Deputies say community effort is key for TAG’s success
Glenwood Springs, CO Colorado
GLENWOOD SPRINGS, Colorado ” The new Threat Assessment Group formed by the Garfield County Sheriff’s Office is looking for the citizens within the communities of Garfield County to aid them in fighting gang activity.
The Sheriff’s Office asks for people to be on the lookout for suspicious activity and to do three simple things. Record the activity. Report it to them. And if it’s something like graffiti, remove it as quickly as possible.
“It’s important to remove graffiti from property because it can cause gang wars and other problems,” said Sheriff Deputy Miller.
Deputy Miller and Deputy McCune gave an educational presentation to citizens in New Castle on March 19 at Riverside Middle School. The presentation covered topic of how to identify gang activity. They didn’t want their first names used for safety reasons.
But being aware of the problem is only the first step. A crucial element of the group’s effectiveness is based on citizen’s participation.
The Sheriff’s Office says that people should look for any drastic changes in their child’s behavior including a new group of friends, a different style of language, excessive secrecy or withdrawal from family, acquisition of new possessions, or gang-related clothing. However, they say that just because someone is wearing certain clothing associated with gangs, does not confirm that the person is involved.
“Unfortunately, we aren’t going to claim to know everything,” Sheriff Deputy McCune said. “Gangs are evolving and they are constantly changing.”
That is why it’s important for citizens to inform local law enforcement of suspicious activity.
According to a handout provided at the presentation, “Everyone wearing ‘Raiders’ clothing or baggy pants is not a gang member.”
But the Sheriff’s Office maintains that parents should trust their instincts when it comes to their own children because they know them better than anyone.
“If you suspect that your child is a gang member, don’t deny your suspicions,” reads the handout.

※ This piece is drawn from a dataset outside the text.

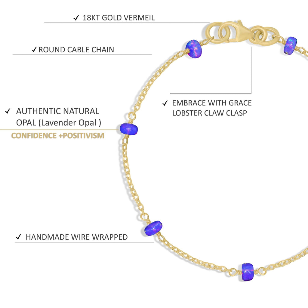Lavender OpalThis beautifully handcrafted Rondelle Minimalist Bead Gemstone Bracelet for Women, featuring a radiant blend of natural lavender Opal Each gemstone is carefully shaped into elegant rondelle beads, offering a vibrant and timeless design that complements any outfit. Made with high-quality Yellow Gold-Filled accents and durable 925 Sterling Silver, this bracelet showcases exquisite artisan craftsmanship. Every piece is handmade, making it as unique and special as the woman who wears it.

If you are not sure, ask. The Sheriff’s Office encourages people who suspect their child or friends of being involved in a gang but are unsure of the signs they have noticed, contact local law enforcement.
Local law enforcement has a wealth of knowledge about gang symbols and activities and are there to assist citizens.
The Sheriff’s Office says that it’s up to citizens to aid in the solution.
Active participation in recognizing the signs, and taking steps to intervene with your children when threatened with gang involvement are crucial in aiding the schools, community and law enforcement to stop the progression of gangs in the area, the handout read.
Report it. Record it. Remove it. If you see graffiti in your neighborhood, the Sheriff’s Office encourages citizens to be proactive and first report it to local law enforcement. They will document it, and then it should be removed.
The longer graffiti is allowed to remain can cause conflicts to break out between rival gangs.
Citizens can contact local law enforcement or call Garfield County Crime Stoppers and remain anonymous if you know individuals who are involved with graffiti.
The Sheriff’s Office recommends that no one confront someone who is doing graffiti, but rather obtain information on the culprits unobtrusively and pass it on to them, or the Police. They ask for descriptions of clothing, vehicles, license plate numbers, and any other useful information in identifying a suspect.
If a piece of personal property is “tagged” the Sheriff’s Office says it’s up to the property owner to cover it as soon as possible to try and discourage future incidents.